The letter concludes by noting that if Hayes is to compensate A.J. Associates for all costs that would result from a stay of its operations, he will have to post "a bond in excess of $10,000,000.” It is fairly apparent from the record that Hayes could not produce such a sum. By dispensing with the bonding requirement, the court’s opinion virtually guarantees that AJ. Associates will suffer substantial damages that it will never be reimbursed for if it is forced to accommodate mining on its property.

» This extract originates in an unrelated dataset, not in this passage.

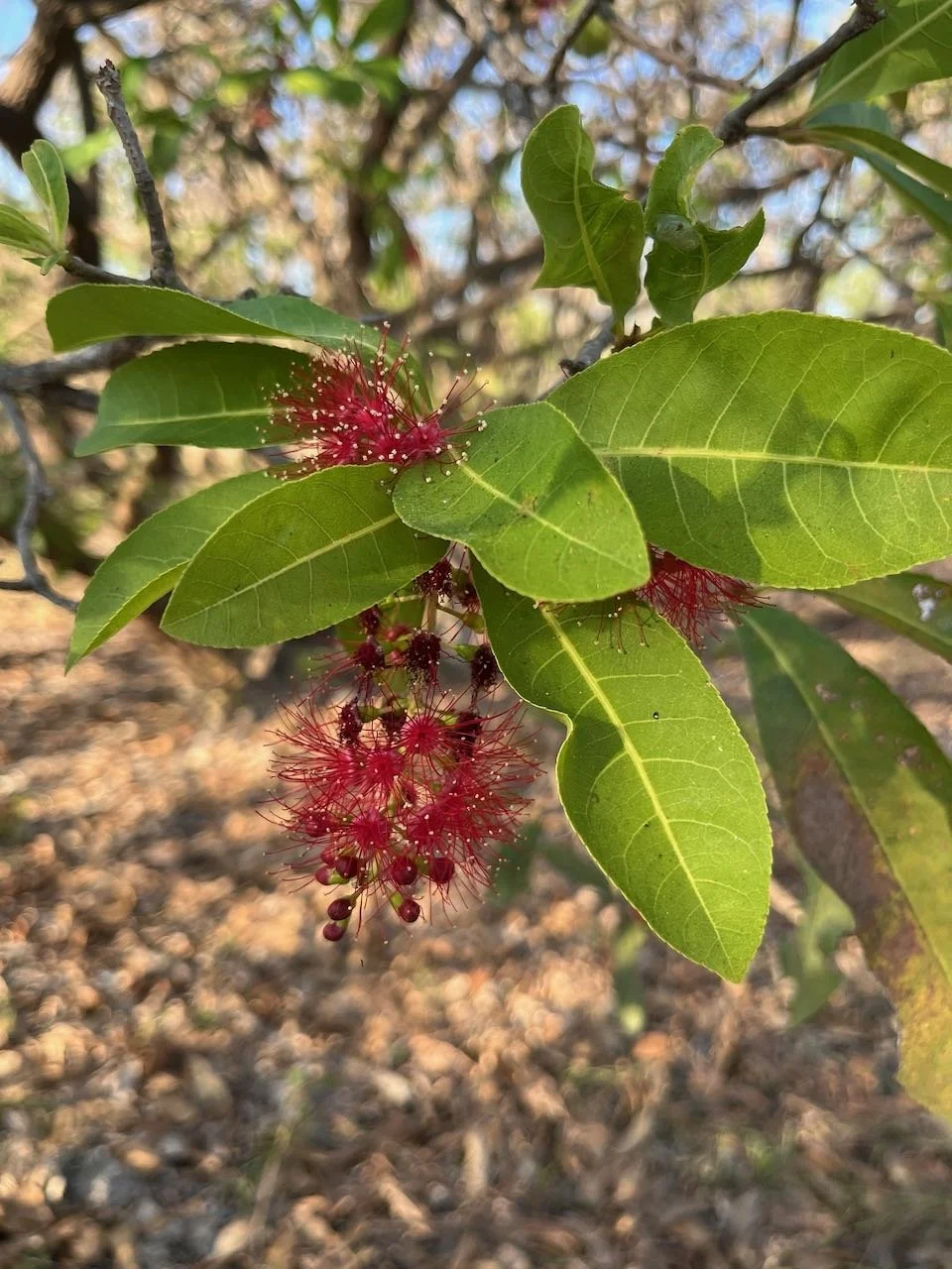 Impressive small tree with handsome low spreading canopy. Becomes covered with bright red pendulous droops of stunning flowers, followed by profusion of four-angled or winged fruit. Mostly shrub but can grow into larger tree. Urban feature or rural planting. More Information. Aboriginal Plant Knowledge. 3-5M

. Alternatively, I wish to express my agreement with the'superior court's conclusion that "exploration,” as used in section .125(a), includes staking. The focus of my disagreement with the court’s construction is with its conclusion that staking does not fall within the rights reserved under section .125(a) and therefore is not an activity encompassed within the protective provisions of section .130.

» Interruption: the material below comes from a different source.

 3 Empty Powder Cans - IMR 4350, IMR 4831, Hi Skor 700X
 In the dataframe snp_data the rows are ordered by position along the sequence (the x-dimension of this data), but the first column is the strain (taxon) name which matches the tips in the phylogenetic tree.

As a matter of statutory interpretation, I conclude that the comprehensive reservation provisions of section .125(a) (particulary the right at any time to enter upon the surface estate of private lands for the purpose of exploring and opening the state’s reserved minerals estate) encompass staking activities. The court's opinion implicitly recognizes this view in its adoption of the definition of staking found in the American Law of Mining where it is stated:
Exploration typically involves a succession of steps, involving the application of both inductive and deductive concepts, in which the ex-plorationist seeks to locate and then....
American. Law of Mining § 1.03[1], at 1-41 (Rocky Mtn. Min. L. Found, ed., 1994).
It follows that the protections provided for in section .130 apply to staking activities exercised under the rights granted pursuant to section .125(a) (for.a right reserved under section .125(a) may not be exercised until the indemnification provisions of section .130 are satisfied). Additionally, the staking of a private landowner's surface estate without making a good faith effort to reach an indemnification agreement constitutes a violation of 11 AAC 96.140(10).
Lastly, I disagree with the court’s observation that the superior court inappropriately fashioned an ejectment remedy for Hayes's violations of section .130 and 11 AAC 96.140(10). In my view the superior court’s remedy was appropriate given the rights accorded the surface estate owners under section .130 and 11 AAC 96.140(10).